If the first step toward solving a problem is admitting you have a problem, Stephen Strasburg crossed an important bridge at some point during his 24-day stint on the disabled list.

“Sometimes you’ve just got to take a step back to realize how bad it was,” the right-hander said. “Once I did, I was able to get back to what my body was supposed to feel like, instead of trying to just mentally grind through it. I feel a lot stronger, and it feels a lot more consistent now.”

Strasburg said this early Wednesday morning, after he and everyone else at Nationals Park had waited out a 2-hour, 12-minute rain delay, one final hold-up before he could take the mound for the first time since May 29 and prove to himself and the world he still has what it takes to be one of baseball’s most dynamic pitchers.

Strasburg isn’t a finished product yet, but with five scoreless innings in the Nationals’ 3-1 victory over the Braves late Tuesday night, the enigmatic 26-year-old looked more like his old self than he had at any previous point in 2015. And that was an especially encouraging sign for the organization that has invested so much in him.

“I just think that tonight was a really good step for him,” manager Matt Williams said.

Though the Nationals espoused confidence in Strasburg heading into this start, nobody knew for sure what would happen once he took the mound to face a big-league lineup again. Placed on the 15-day DL after the worst two months of his professional career — a 6.55 ERA, 81 baserunners allowed in only 45 1/3 innings — he ostensibly needed to let a strained left trapezius muscle heal.

While there were some actual physical ailments affecting him, Strasburg’s biggest problem throughout were poor mechanics. He worked extensively with pitching coach Steve McCatty over the last three weeks, watching old video of his throwing motion and paying particular attention to the alignment of his entire body as he strode toward the plate.

After several throwing sessions on flat ground and the bullpen, a simulated game against teammates in Milwaukee and then a rehab start at Class AA Harrisburg, Strasburg was able to pitch Tuesday night confident his mechanics were proper.

“I think that was the No. 1 goal going out there,” he said. “All this time I’ve been working on the mechanics and working on fine-tuning things. But when you’re out there between the lines, you have to go out there and compete. So I wasn’t going to think about mechanics at all. I was just going to go out there and give it everything I have.”

From the get-go, it appeared he had solved the problem. Strasburg pumped out 97-98 mph fastballs in the top of the first and never let up the rest of his evening. He threw 64 of his 94 pitches for strikes, scattered three singles and a double while striking out six (all on high fastballs).

The difference was noticeable to all.

“It looked like … I don’t know, he just looked like he was a little more confident out there,” center fielder Denard Span said. “For me, in the past or earlier in the season, I could kind of tell what pitch was coming, to be honest with you, from center field. But tonight, he looked a little different. Something just looked different. He looked like he was keeping hitters off-balance. It was kind of catching me off guard what was coming out of his hand. I think some of that was mechanics. But he just pounded the strike zone, went after hitters and he was aggressive.”
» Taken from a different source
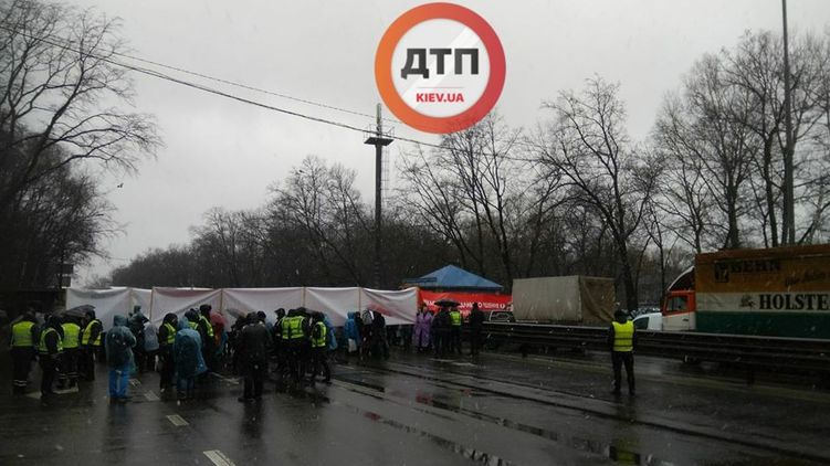 Под Киевом протестующие полностью перекрыли Одесскую трассу. За участие в митинге им заплатили по 150 гривен
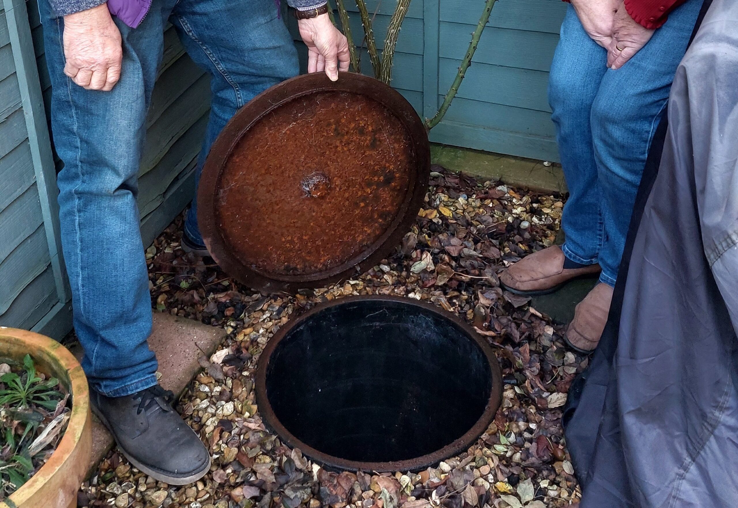 The couple fear that their 6ft deep manhole, which should be empty, may fill to the top one day, spilling over into their garden. They also worry their toilet may spill over into their house.

The only quibble with Strasburg’s performance was his high pitch count, the byproduct of 22 pitches fouled off by the Braves and of Strasburg’s less-than-perfect command of his curveball and changeup. But that was a minor quibble, and something he and the club expect to improve as he gets back into a regular, 5-day rotation.
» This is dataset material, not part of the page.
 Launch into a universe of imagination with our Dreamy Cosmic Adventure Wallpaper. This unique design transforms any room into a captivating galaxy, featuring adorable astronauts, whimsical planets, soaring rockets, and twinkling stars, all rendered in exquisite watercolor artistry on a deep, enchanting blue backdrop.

“They did do a good job of working up the pitch count and fighting pitches off, but that’s not something I’m going to worry about,” he said. “I’m just going to go out there and make them hit the fastball.”

That mindset, perhaps above all else, may have represented the biggest hurdle Strasburg overcame during his DL stint. At times in the past, he may have worried too much about trying to tweak too many parts of his approach to pitching. Maybe there were too many thoughts swirling through his head.

“I think that’s something that talking to a lot of guys in the clubhouse while I was away really kind of shed some light on what my strengths, what my weaknesses are,” he said. “I really just tried to pitch to my strengths.”

Strasburg’s strengths were on full display Tuesday night. And if this was a tease of things to come, the Nationals will rest easy knowing they’ve rediscovered their dominant right-hander once again.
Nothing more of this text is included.